NovelToon NovelToon

Puskesmas Di Tengah Hutan [ END ]

PENUGASAN

Fani adalah seorang gadis muda yang baru saja menyelesaikan pendidikan kebidanannya dan kini, ia tengah menatap nanar pada selembar surat tugas di tangannya. Jauhnya lokasi penugasan yang tengah ia pikirkan. Meski begitu, dia harus tetap berangkat sebab, jika ia menolak maka beasiswa pendidikan kebidanan yang telah ia terima harus dikembalikan. Dengan kata lain, dia harus membayar semua biaya pendidikan kebidanannya.

"Baiklah, anggap ini sebagai liburan. Bukankah hiruk pikuk perkotaan cukup membuat penat? Tiga bulan tinggal di desa, menarik juga."

...🌸🌸🌸...

Hari keberangkatan pun tiba. Fani berangkat diantar kekasihnya sekaligus calon suaminya. Orang tuan Fani sudah tua jadi, tidak bisa ikut mengantar. Fani adalah anak bungsu dari empat bersaudara yang mana semua saudaranya berprofesi sebagai bidan atau perawat di rumah sakit yang cukup ternama.

Setelah semuanya siap, Fani dan kekasihnya, Rifki berpamitan. Kedua orang tua Fani hanya mengantarkannya dengan doa.

"Baik-baik ya nak di sana! desa memang jauh berbeda dengan kota. Mungkin sekali akan kamu temui banyak kekurangan dalam di sana tapi ibu harap, kamu sabar ya! ketiga kakakmu juga mengalaminya sebelum bisa bekerja dengan nyaman di kota," pesan ibunya.

"Iya buk, Fani akan mengingat pesan ibuk."
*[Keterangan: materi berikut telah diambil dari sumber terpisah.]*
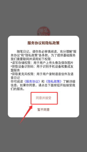 1、在随笔日记APP中点击"同意并接受",进入程序界面。

"Rifki, pelan-pelan saja nyetirnya!"

"Baik buk."

"Hati-hati ya kalian!"

"Iya."

Usai berpamitan, perjalanan pun dimulai. Rifki sengaja menyewa mobil selama dua hari untuk mengantarkan Fani. Sepanjang perjalanan, Fani terlihat gelisah. Sejujurnya, ada keraguan di dalam hatinya. Rasanya, dia tidak sepenuhnya yakin untuk bertugas di tempat yang telah ditunjuk untuknya.
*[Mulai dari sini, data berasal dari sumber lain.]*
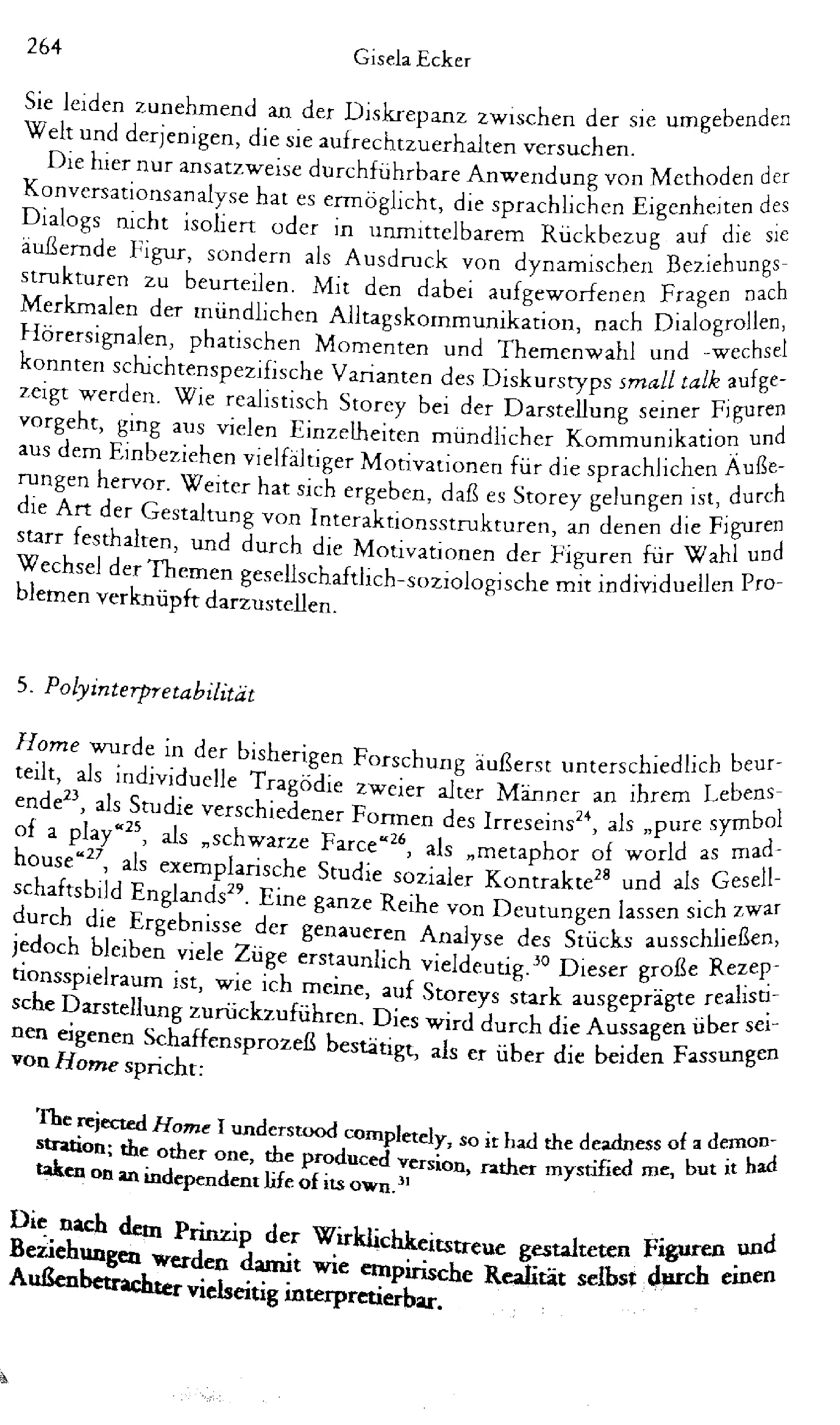 David Storey, Home : "Schönes Wetter heute" oder Strukturen des 'small talk'

"Ada apa sayang?" tanya Rifki.

"Hemm, gimana ya?"

"Kenapa?"

"Tempat ini jauh sekali dan terasa asing."

Rifki terkekeh.

"Tentu saja asing, kamu kan memang belum pernah ke sana."

"Rasanya, gimana ya jelasinnya?"

"Jangan terlalu dipikirkan, dijalani dulu saja!"

Fani menghela napas panjang tanpa memberi jawaban.

Ternyata, lokasi desa penempatan Fani begitu jauh dan terpencil. Mereka cukup terkejut kala melewati jalan setapak yang diapit hutan nan lebat.

"Tuh kan firasatku benar," ucap Fani.

"Namanya juga desa yang, sudah wajar banyak pepohonan."

"Ini sih bukan sekedar pepohonan tapi hutan. Tidak ada peradaban sejauh mata memandang."

"Sabar dulu ya!"

"Kalau bukan karena biaya beasiswa, gak bakalan mau aku ditugasi ke sini."

"Ingat kata ibuk tadi! ketiga kakak kamu kan juga mengalaminya juga. Harusnya, kamu sudah yakin saat memutuskan untuk mengambil jurusan kebidanan dulu."

"Iya aku tahu tapi saat mengalaminya sendiri ya.. beda lagi."

Rifki tersenyum sembari mengusap kepala Fani.

Beberapa kilo kemudian, muncul keraguan. Apakah jalan yang mereka ambil sudah benar, hingga sampailah mereka di sebuah persimpangan. Terdapat papan petunjuk yang mana arah kanan menuju ke desa waringin dan arah kiri menuju ke desa beriyun. Fani membuka kembali surat tugasnya untuk memastikan.

"Ke kanan yang, ke desa waringin!" ucap Fani.

"Benar ke kanan?"

"Nih lihat aja sendiri!"

Rifki melihat lembar kertas yang diulurkan calon istrinya.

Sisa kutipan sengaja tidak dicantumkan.